Mr Jones added that Lord Roberts was “an extraordinary man, very kind, extremely wise with a tremendous sense humour.”
“To me, he was a kind friend and wise counsellor. He will be greatly missed, both in Wales and in Westminster.”
Leader of the Welsh Conservatives Andrew RT Davies AM called Lord Roberts “a great politician and a great man”.
He added: “His hard work and commitment to public service had a hugely positive impact upon the future of the Welsh language and Wales as a whole.
“I know he will be greatly missed and my heartfelt condolences go out to his family on this very sad day.”
Lord Crickhowell, who as Nicholas Edwards was Welsh Secretary in two Thatcher governments, told the BBC News website: “He was a splendid Welshman and made great contributions to the Welsh language, apart from anything else.
“He was my advisor and guru.
“He also made a great contribution the health service in Wales.
“He will be greatly missed in the Lords. He was a very hard-working figure, and an indispensable number two to me.
“I know he was disappointed that he never became a secretary of state but those of us who knew him knew that probably wouldn’t have revealed him at his best because he was one of those people who was extremely good at providing back-up and support.”
Describing him as a “very good friend,” Lord Crickhowell added: “I have to say, in every sense it’s terribly sad but he was desperately ill, so in that sense it may be a relief.
“I talked to him in the last two or three weeks on the phone and he couldn’t use his hands, or read, or do anything very much.”
Lord Roberts of Conwy served for 18 years in government
There were also tributes from political opponents.
First Minister Carwyn Jones said: “I am saddened to hear of the death of Lord Roberts of Conwy and my thoughts go out to his family and friends at this time.
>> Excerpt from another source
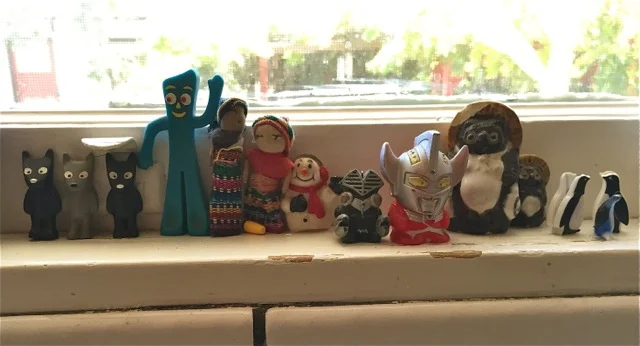 私が集めているキッチン窓のガラクタをエレナ風に並びかえたりします。

“Lord Roberts was a leading figure in Welsh politics for more than 30 years. As well as a long career in the Welsh Office he will be particularly remembered for his work on the Welsh language and for piloting the Welsh Language Act.
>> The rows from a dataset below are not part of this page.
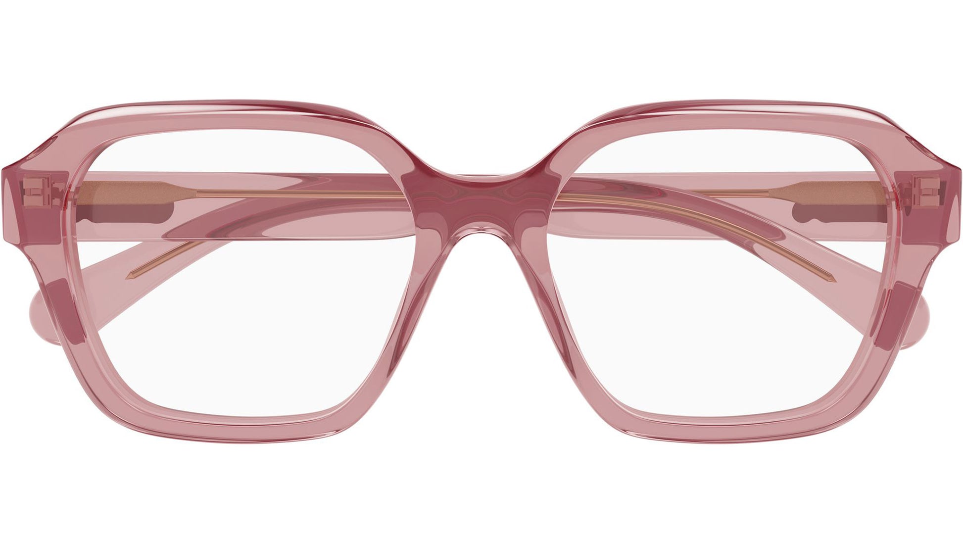 Chloé CH0272O 006 glasses for women, featuring shiny transparent antic rose rectangular recycled acetate frame and demo lenses. Brand line: Chloé. Style code: CH0272O. Color code: 006. Made in Italy. Authorized Chloé online reseller. Your glasses will include the original case and accessories and are covered by a 12-month global warranty.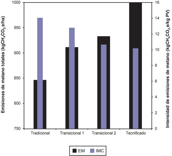 La EM (kgCH4CO2-e/ha) aumentó un 18% desde Trad hasta Tecn, mientras que la IMC (kgCH4CO2-e/producción total) disminuyó 28% desde Trad hasta Tecn (figura 1). El aumento en productividad se asoció con menor intensidad de emisión de metano (IMC=20,4-0,1 x producción de carne, R2 0,98).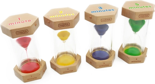 Set pješčanih satova MASTERKIDZ idealno je didaktičko pomagalo za vrtiće, škole i učenje kod kuće. Četiri sata s različitim vremenom protoka jasno pokazuju djeci kako vrijeme prolazi i pomažu razumjeti osnovne pojmove poput sekundi i minuta. Obojeni pijesak i jednostavno funkcioniranje potiču samostalnost i prirodno poimanje vremena.

“He will be greatly missed by Welsh politics as a whole.”
Lord Barry Jones – the former Shadow Welsh Secretary and Alyn and Deeside MP – said: “Had there been any justice in politics he would have been Secretary of State for Wales. His memoirs were superb.
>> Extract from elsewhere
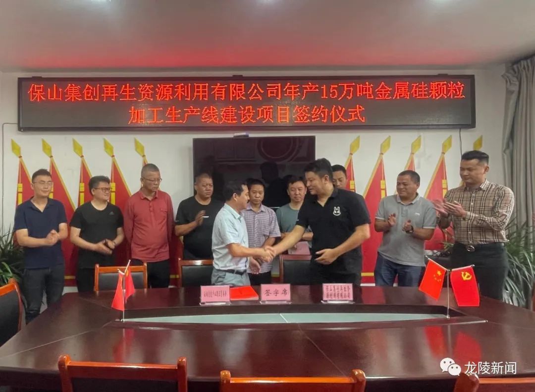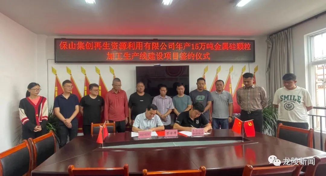 7月24日,云南龙陵产业园区与保山集创再生资源利用有限公司举行年产15万吨金属硅颗粒加工生产线建设项目签约仪式。

“Wyn built more roads than the Romans. He was the quintessential Welsh Conservative with an outstanding track record of service.”
Huw Jones, chairman of the S4C Authority, called Lord Roberts “a guardian angel for the Welsh language and for S4C within the Conservative government of the 80s and 90s”.
“Both were close to his heart and he did everything he could to promote and support them.”
Mr Jones added: “Alongside his measured and careful style, he had humour and mischief in his eye and great personal warmth.
“He made a huge contribution at a critical time for the Welsh language and he will be greatly missed.”
Veteran journalist and friend Derek Bellis told BBC Radio Wales: “He was a very kind, gentle and humorous man with a giant intellect but no ego at all.
“I never saw him have a single cross word. He often had to run the brunt of demonstrations but took it all in good heart.”
Mr Bellis added: “I visited him over the last few months when he was ill but his brain was as sharp as a tack.
“He was no toff was Wyn – he was a man of the people.”